HIR extensions: [`FlowExtensionPlan`](src/extension.rs) + [`rlx_ir::hir_extension`](../../rlx-ir/src/hir_extension.rs).
Attention interfaces: [`AttentionStage`](src/stage_interfaces.rs) on
[`SelfAttnPrefillStage`](src/blocks/self_attn.rs),
[`LlamaDecodeLayerStage`](src/blocks/llama_decode_layer.rs),
[`Qwen3DecodeLayerStage`](src/blocks/qwen3_decode_layer.rs) via [`attention_stage.rs`](src/blocks/attention_stage.rs).

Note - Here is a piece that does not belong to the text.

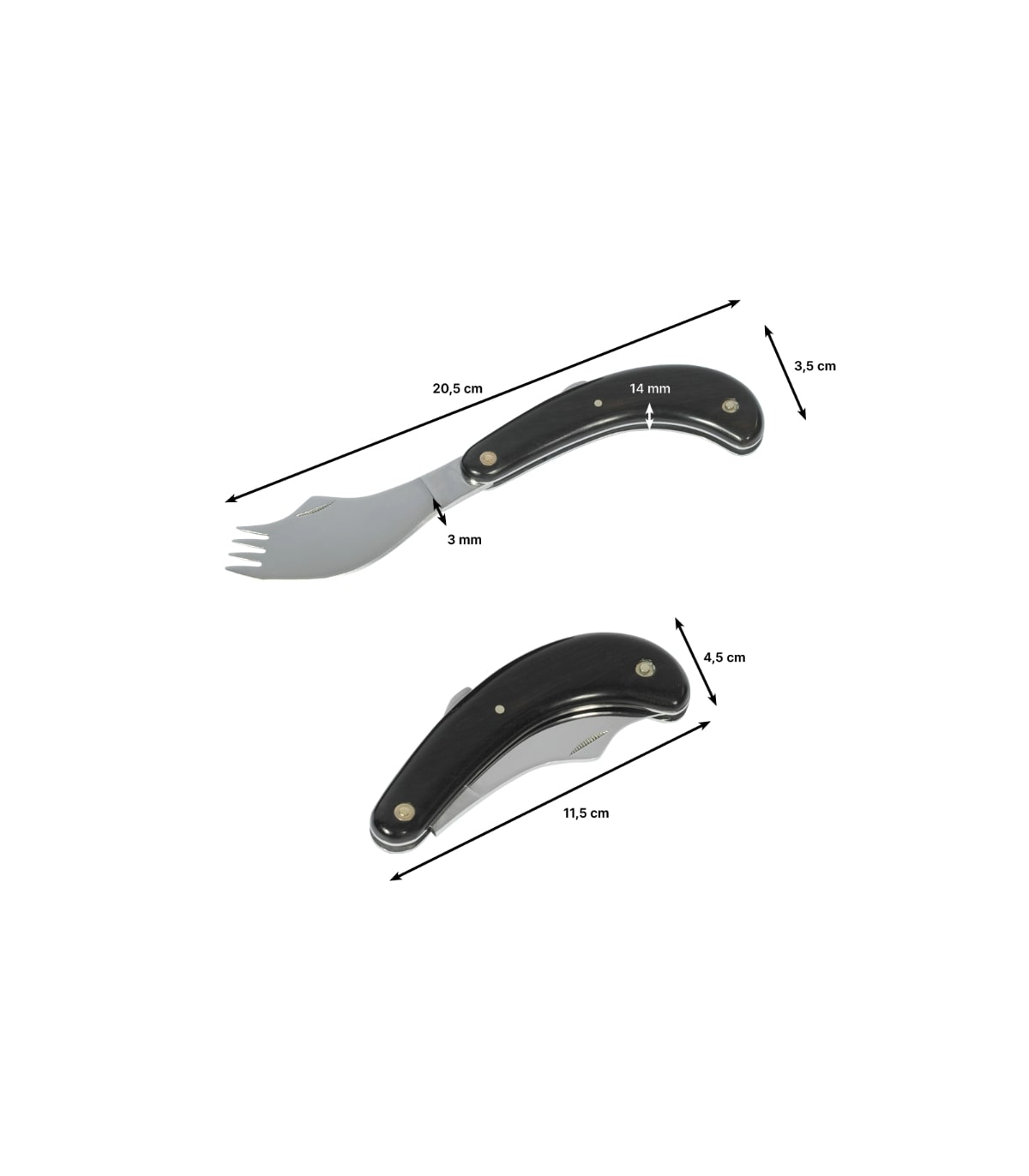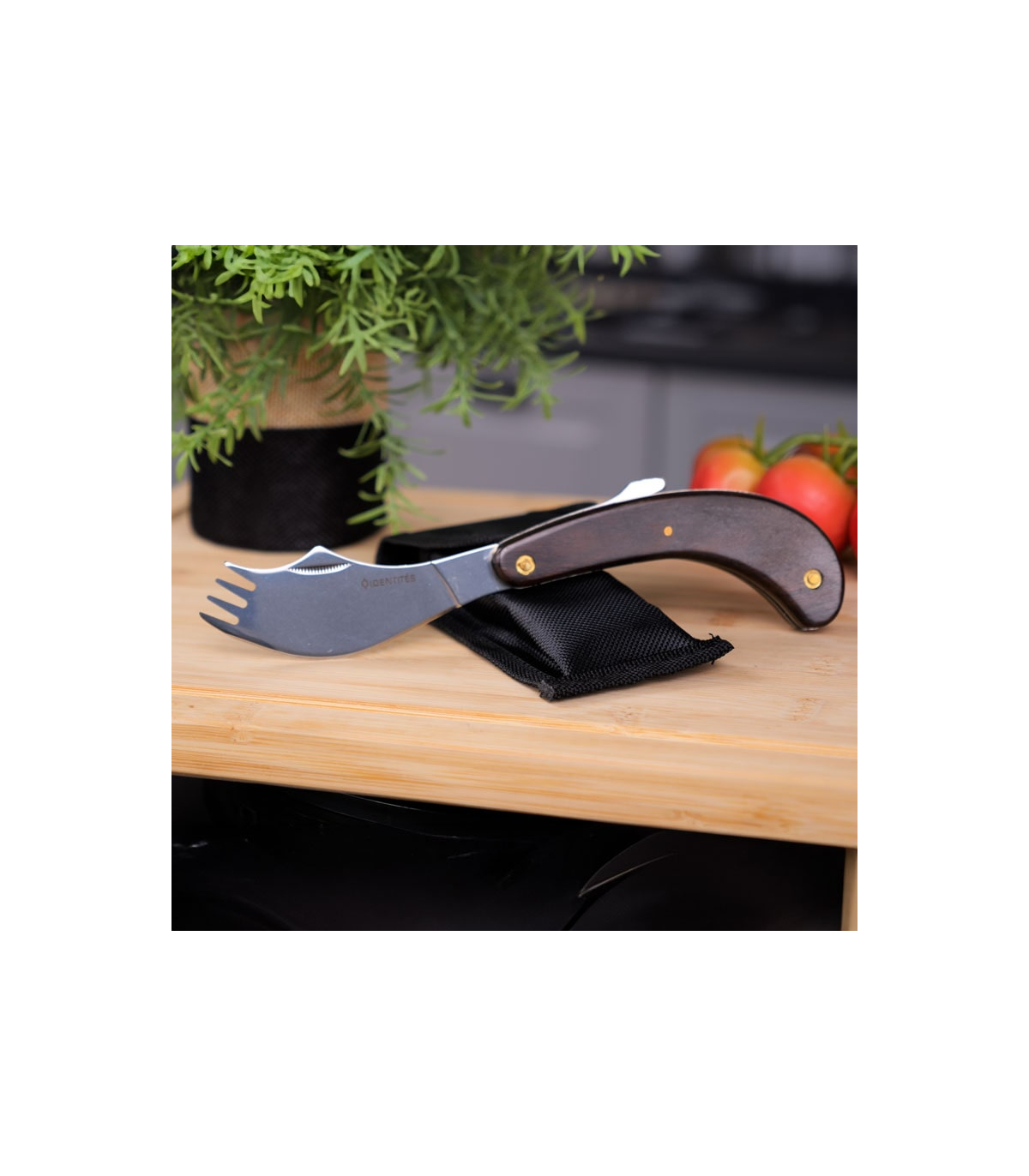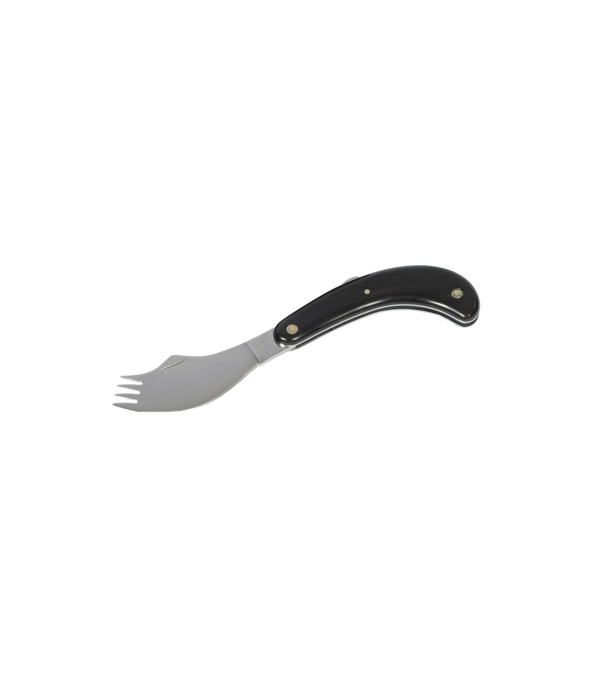 Le couteau fourchette pliable proposé à un prix attractif est équipé d'un manche en bois massif patiné pour plus de confort.

Qwen35 runner: `Qwen35CompileCache::with_aot` in the in-tree Qwen3.5 builder +
[`CompilationMode::Aot`](../../rlx-ir/src/component.rs) persist specialized LIR to disk.
## Multi-stream models (FLUX, …)
Generic primitives in `rlx-flow`:
- **`bind_inputs_to_streams`** — map declared graph inputs (`hidden`, `encoder`, …) into named streams.
- **`dual_stream(name, a, b, f)`** — transform two streams in place; arch plugins emit HIR via `Emit`.
- **`plugin_named` / `PluginStage`** — type-erased arch blocks live in downstream crates, not new `FlowStage` enum variants.
Convention stream ids: `stream::id::IMG`, `stream::id::TXT`, `stream::id::MAIN` (any string works).
Arch recipes (`Flux2Flow`, `Qwen35Flow`) compose these; fused composites stay in `rlx-ir` / existing HIR builders.
## Adding a block
1. Add a stage struct under `src/blocks/`.
2. Implement `BlockStage::emit(&self, ctx: &mut FlowCtx, input: FlowValue) -> Result<FlowValue>`.
3. Add a `FlowStage` variant.
4. Document weight key conventions.
Promote repeated hand-wired subgraphs from in-tree model builders into blocks — do not add new `HirGraphExt` wiring in model code.